━━━ Source data

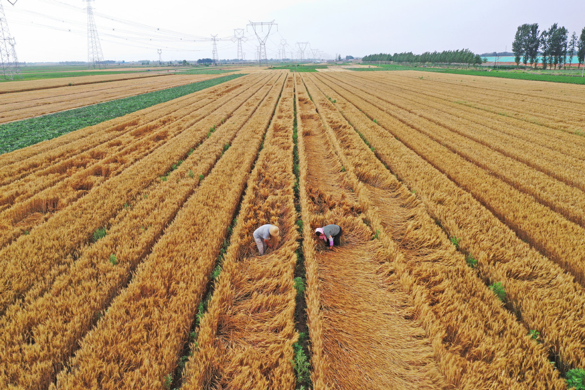 Villagers harvest wheat in Xiaolizhuang village, Tangshan city of North China's Hebei province, June 21, 2019. [Photo/Xinhua]
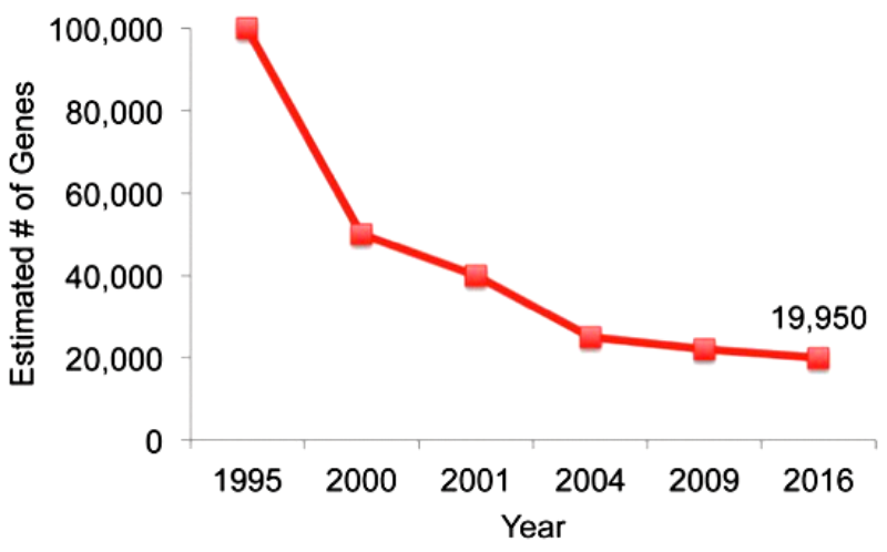 Figure 1. Number of predicted human protein-coding genes by year, 1995-2016. [3]
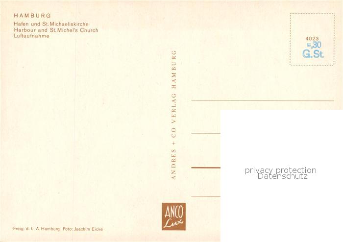 73322979 Hamburg Hafen und St Michaeliskirche Fliegeraufnahme postalisch nicht gelaufen Erhaltung siehe scans [WerneD78] KatCode: 11110002000000
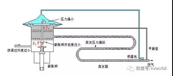 如果膨脹閥出口壓力過高,相應的蒸發壓力和溫度也過高。進入蒸發器的流量和壓力都加大,由于液體蒸發過剩,過潮氣體(甚至液體)被壓縮機吸入,引起壓縮機的濕沖程(液擊),使壓縮機不能正常工作,造成一系列工況惡劣,甚至損壞壓縮機。
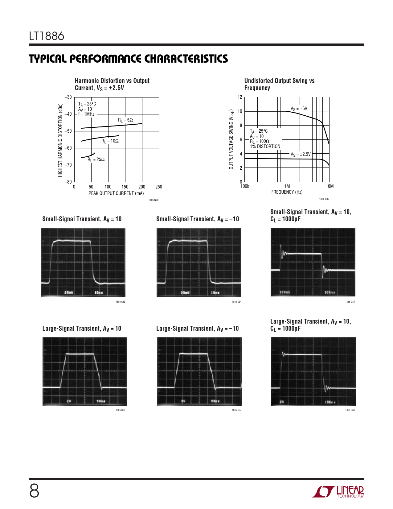 –30 12 TA = 25°C AV = 10 ) V 10 S = ±6V –40 f = 1MHz P-P RL = 5Ω 8 –50 TA = 25°C AV = 10 R 6 L = 10Ω RL = 100Ω –60 1% DISTORTION 4 VS = ±2.5V RL = 25Ω –70 OUTPUT VOLTAGE SWING (V 2 HIGHEST HARMONIC DISTORTION (dBc) –80 0 0 50 100 150 200 250 100k 1M 10M PEAK OUTPUT CURRENT (mA) FREQUENCY (Hz) 1886 G30 1886 G32
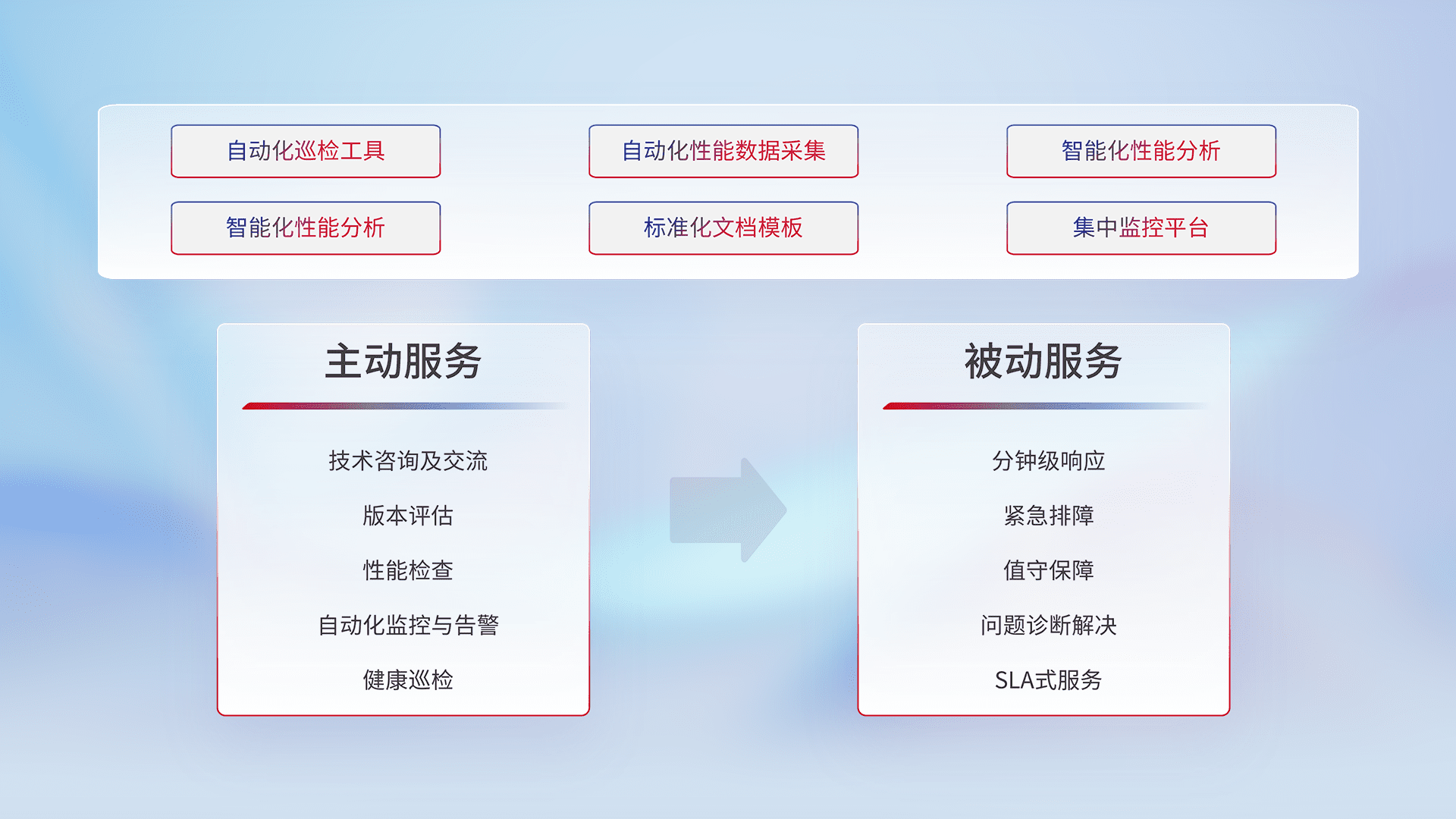 智能化工具和标准化文档,,保障服务质量,,提供主动服务(包含技术咨询、、、版本评估、、性能检查、、、自动化监控与告警、、健康巡检)和被动服务包含(分钟级响应、、、、紧急排障、、值守保障、、问题诊断解决、、、SLA服务)。。。。
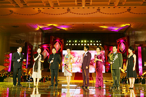 主持人:瞿弦和、杨澜、姜昆、周涛、朱军、董卿、黄宏、王小丫(从左至右)中国文联网 余宁/摄
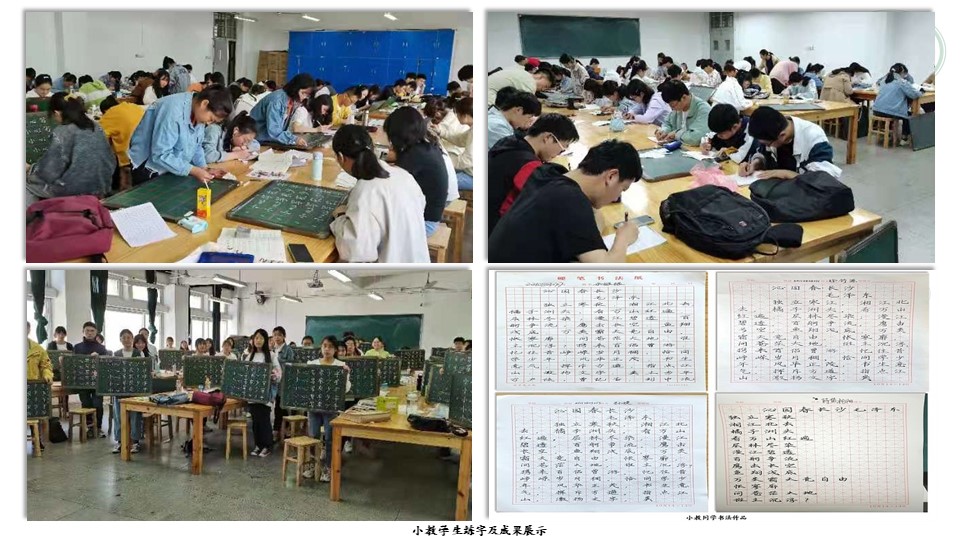 板书、硬笔书法是成为优秀教师的重要教学基本功,所以20级小教本学期还进行了粉笔字、钢笔字的练习活动。同学们除了每周按要求提交作业之外,还要每周在固定时间内集中练习一次,并由学长、书法委员进行指导和检查。同学们手执钢笔,在田字格上写下一撇一捺;紧握粉笔,在黑板上书写行行楷书。五月,教科院举办了“I·教育”基础教育能力大赛。20级小学教育专业学生全部参与此次比赛中,共同展示练习成果,在经过了初赛、决赛两轮比试,最终孙婕同学夺得比赛第一名,徐舒源、蒋黄杨阳两位同学分别荣获二等奖与三等奖。书法比赛是对小教同学练字的质量检测,同时也增强了学生对硬笔书法的重视程度。
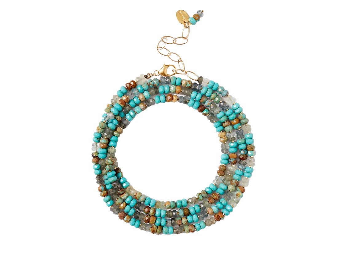 Turquoise and Moss Aquamarine Wrap Bracelet
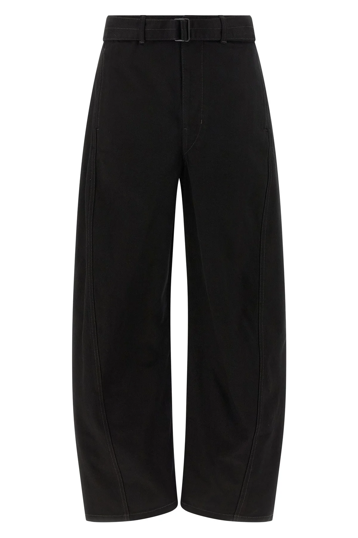 cod. PA326LD1055BK999 'Twisted Belted' heavy cotton denim jeans, curved leg, mid waist, zip, hook and front button closure, pockets, removable belt. Color: Black Size & Fit: true to size fit Composition: 100% cotton Made in: Morocco
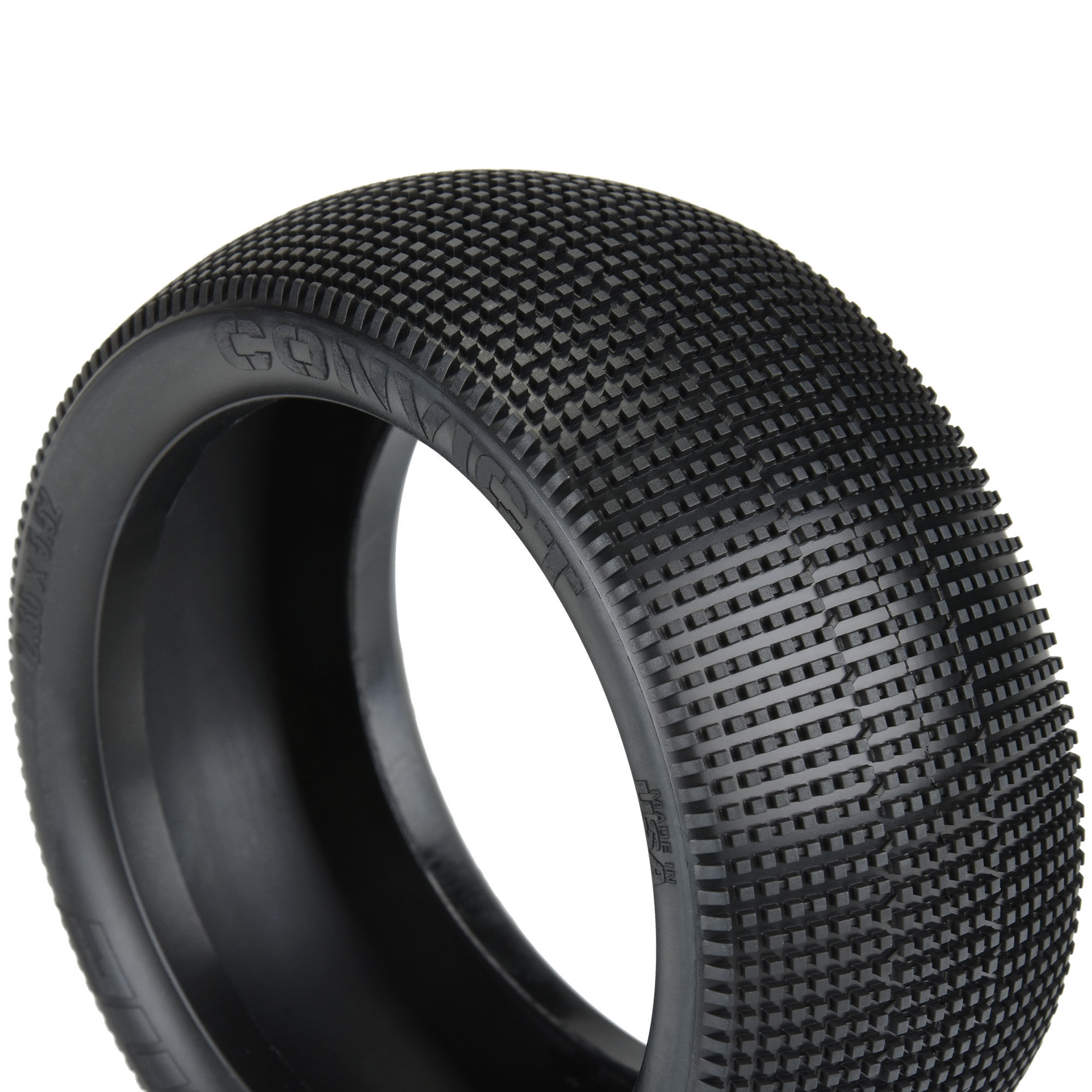 This is a pair of Convict 1/8 Truck Tires. Introducing the Convict race tire that represents Pro-Line's next-generation version of the World Champion Fugitive tire, now available for 1/8 Truck!
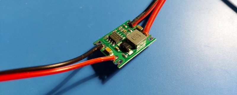 To make it portable I wanted to run the entire thing on a 12V battery. To power the Raspberry Pi 5V is needed as well, for that I used a step-down converter that I just put in a heat-shrink tube.
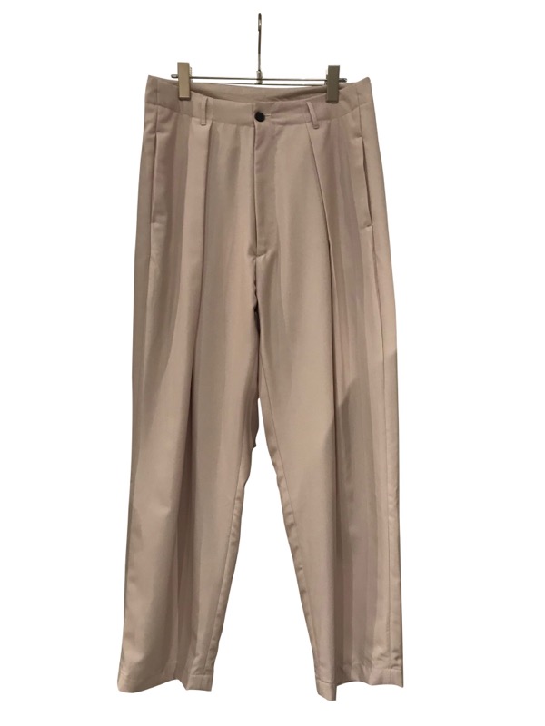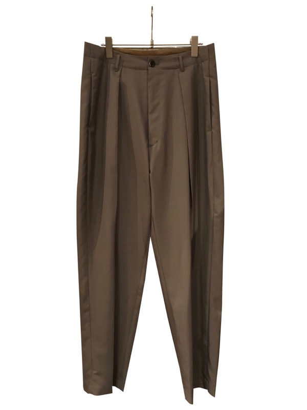 分量をたっぷりとったタックから、裾に掛け鋭く絞った独自のパターンが特徴の新型トラウザー。
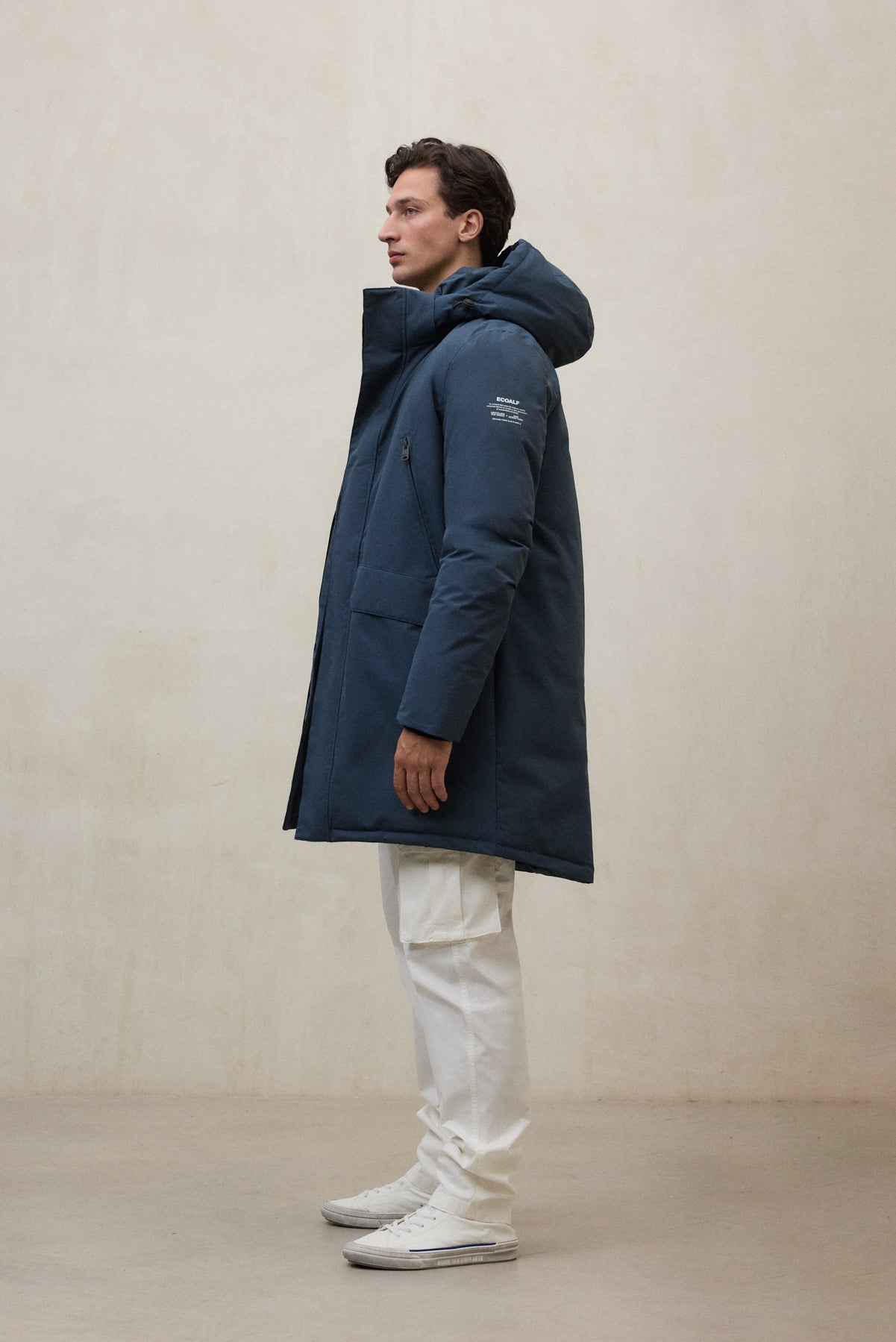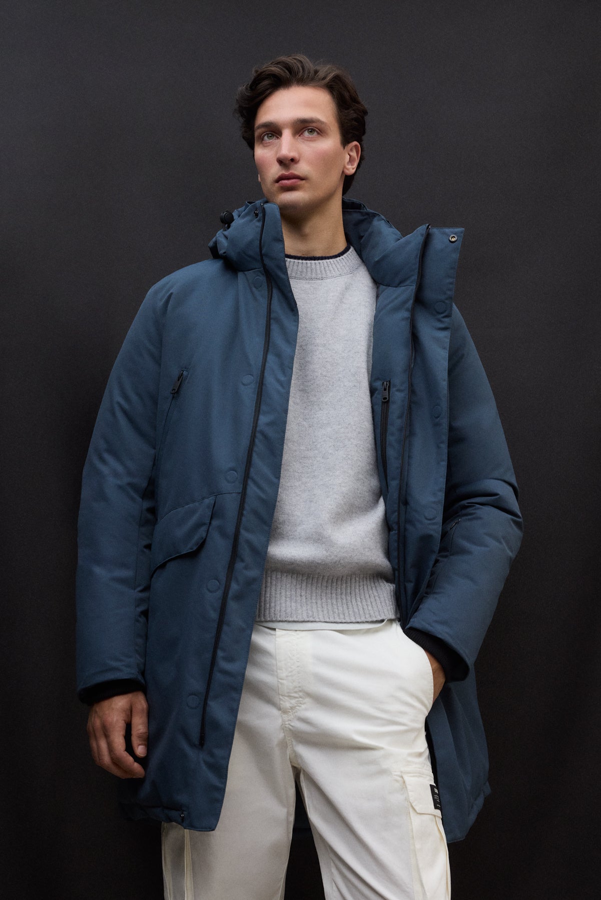 오션 얀 58%와 Tex2Tex 42%의 리사이클 폴리. 도심과 아웃도어 사이에서 균형 잡힌 보온과 실루엣을 제공합니다.

━━━━━━

**Exercise directions**
Transcribe the listing verbatim, pictures excluded.

**Answer to this problem**
 Villagers harvest wheat in Xiaolizhuang village, Tangshan city of North China's Hebei province, June 21, 2019. [Photo/Xinhua]
 Figure 1. Number of predicted human protein-coding genes by year, 1995-2016. [3]
 73322979 Hamburg Hafen und St Michaeliskirche Fliegeraufnahme postalisch nicht gelaufen Erhaltung siehe scans [WerneD78] KatCode: 11110002000000
 如果膨脹閥出口壓力過高,相應的蒸發壓力和溫度也過高。進入蒸發器的流量和壓力都加大,由于液體蒸發過剩,過潮氣體(甚至液體)被壓縮機吸入,引起壓縮機的濕沖程(液擊),使壓縮機不能正常工作,造成一系列工況惡劣,甚至損壞壓縮機。
 –30 12 TA = 25°C AV = 10 ) V 10 S = ±6V –40 f = 1MHz P-P RL = 5Ω 8 –50 TA = 25°C AV = 10 R 6 L = 10Ω RL = 100Ω –60 1% DISTORTION 4 VS = ±2.5V RL = 25Ω –70 OUTPUT VOLTAGE SWING (V 2 HIGHEST HARMONIC DISTORTION (dBc) –80 0 0 50 100 150 200 250 100k 1M 10M PEAK OUTPUT CURRENT (mA) FREQUENCY (Hz) 1886 G30 1886 G32
 智能化工具和标准化文档,,保障服务质量,,提供主动服务(包含技术咨询、、、版本评估、、性能检查、、、自动化监控与告警、、健康巡检)和被动服务包含(分钟级响应、、、、紧急排障、、值守保障、、问题诊断解决、、、SLA服务)。。。。
 主持人:瞿弦和、杨澜、姜昆、周涛、朱军、董卿、黄宏、王小丫(从左至右)中国文联网 余宁/摄
 板书、硬笔书法是成为优秀教师的重要教学基本功,所以20级小教本学期还进行了粉笔字、钢笔字的练习活动。同学们除了每周按要求提交作业之外,还要每周在固定时间内集中练习一次,并由学长、书法委员进行指导和检查。同学们手执钢笔,在田字格上写下一撇一捺;紧握粉笔,在黑板上书写行行楷书。五月,教科院举办了“I·教育”基础教育能力大赛。20级小学教育专业学生全部参与此次比赛中,共同展示练习成果,在经过了初赛、决赛两轮比试,最终孙婕同学夺得比赛第一名,徐舒源、蒋黄杨阳两位同学分别荣获二等奖与三等奖。书法比赛是对小教同学练字的质量检测,同时也增强了学生对硬笔书法的重视程度。
 Turquoise and Moss Aquamarine Wrap Bracelet
 cod. PA326LD1055BK999 'Twisted Belted' heavy cotton denim jeans, curved leg, mid waist, zip, hook and front button closure, pockets, removable belt. Color: Black Size & Fit: true to size fit Composition: 100% cotton Made in: Morocco
 This is a pair of Convict 1/8 Truck Tires. Introducing the Convict race tire that represents Pro-Line's next-generation version of the World Champion Fugitive tire, now available for 1/8 Truck!
 To make it portable I wanted to run the entire thing on a 12V battery. To power the Raspberry Pi 5V is needed as well, for that I used a step-down converter that I just put in a heat-shrink tube.
 分量をたっぷりとったタックから、裾に掛け鋭く絞った独自のパターンが特徴の新型トラウザー。
 오션 얀 58%와 Tex2Tex 42%의 리사이클 폴리. 도심과 아웃도어 사이에서 균형 잡힌 보온과 실루엣을 제공합니다.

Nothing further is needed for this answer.